[Start of Attachment]

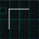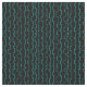 This fabric has a mid-century modern design of lines with half-rectangles in turquoise on a field of black.
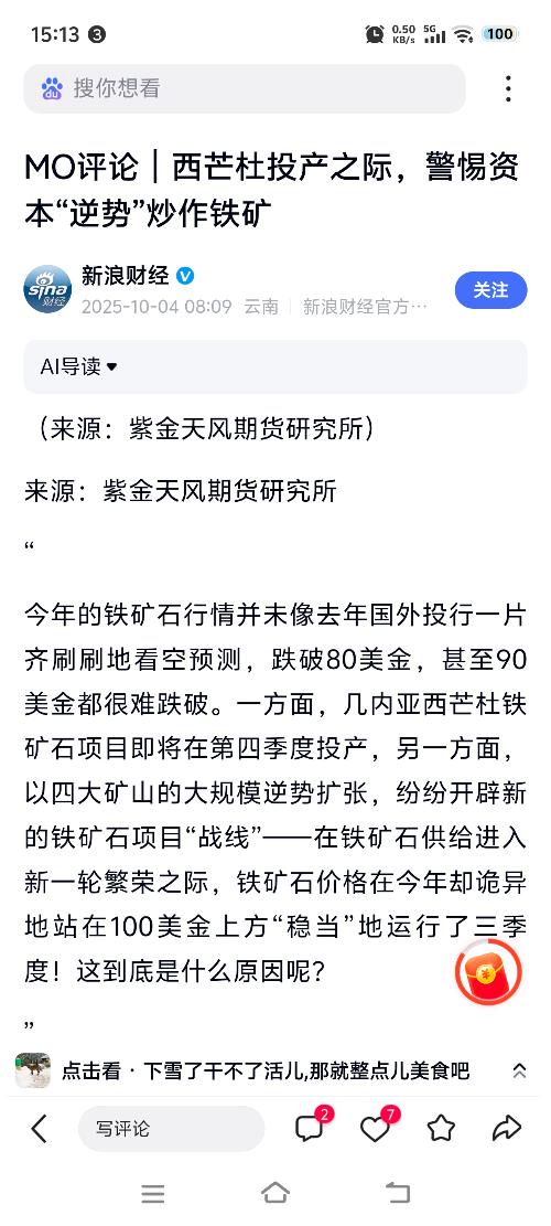 从来凡尘入富贵 发表于 今天 15:13 2次浏览 $铁矿石2601(DCE|i2601)$被人家说准了,果然被逆势炒作 评论赞
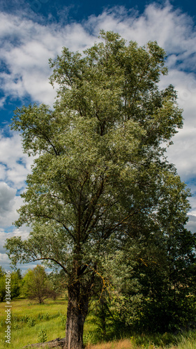 © APHOTOSTUDIO, Fototapeta premium Large trees in a deciduous forest against the blue sky. Vertical panoramic format.
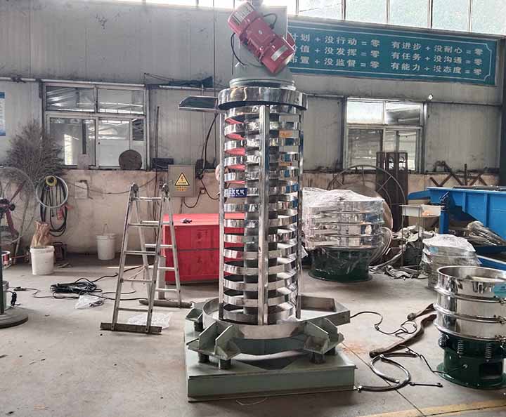 3.雙質體慣性式垂直振動提升機:這種提升機的垂直螺旋槽和下質體圓盤之間用板彈簧按圓的切向鏈接,慣性振動器大多采用平行軸式,安裝在圓盤上。板彈簧除起蓄能作用外,還對兩只提的運動寄到幾何約束作用,使上、下質體做相對垂直和扭轉運動。除了這些垂直振動提升機設備, 我公司生產的還有斗式提升機,板鏈提升機等提升機設備,想了解更多關于提升機的信息請撥打15836198876尋找王經理。

[End of Attachment]

§ What this task involves
Pictures stay out; all other material above is restated word for word.

§ Output of the exercise
 This fabric has a mid-century modern design of lines with half-rectangles in turquoise on a field of black.
 从来凡尘入富贵 发表于 今天 15:13 2次浏览 $铁矿石2601(DCE|i2601)$被人家说准了,果然被逆势炒作 评论赞
 © APHOTOSTUDIO, Fototapeta premium Large trees in a deciduous forest against the blue sky. Vertical panoramic format.
 3.雙質體慣性式垂直振動提升機:這種提升機的垂直螺旋槽和下質體圓盤之間用板彈簧按圓的切向鏈接,慣性振動器大多采用平行軸式,安裝在圓盤上。板彈簧除起蓄能作用外,還對兩只提的運動寄到幾何約束作用,使上、下質體做相對垂直和扭轉運動。除了這些垂直振動提升機設備, 我公司生產的還有斗式提升機,板鏈提升機等提升機設備,想了解更多關于提升機的信息請撥打15836198876尋找王經理。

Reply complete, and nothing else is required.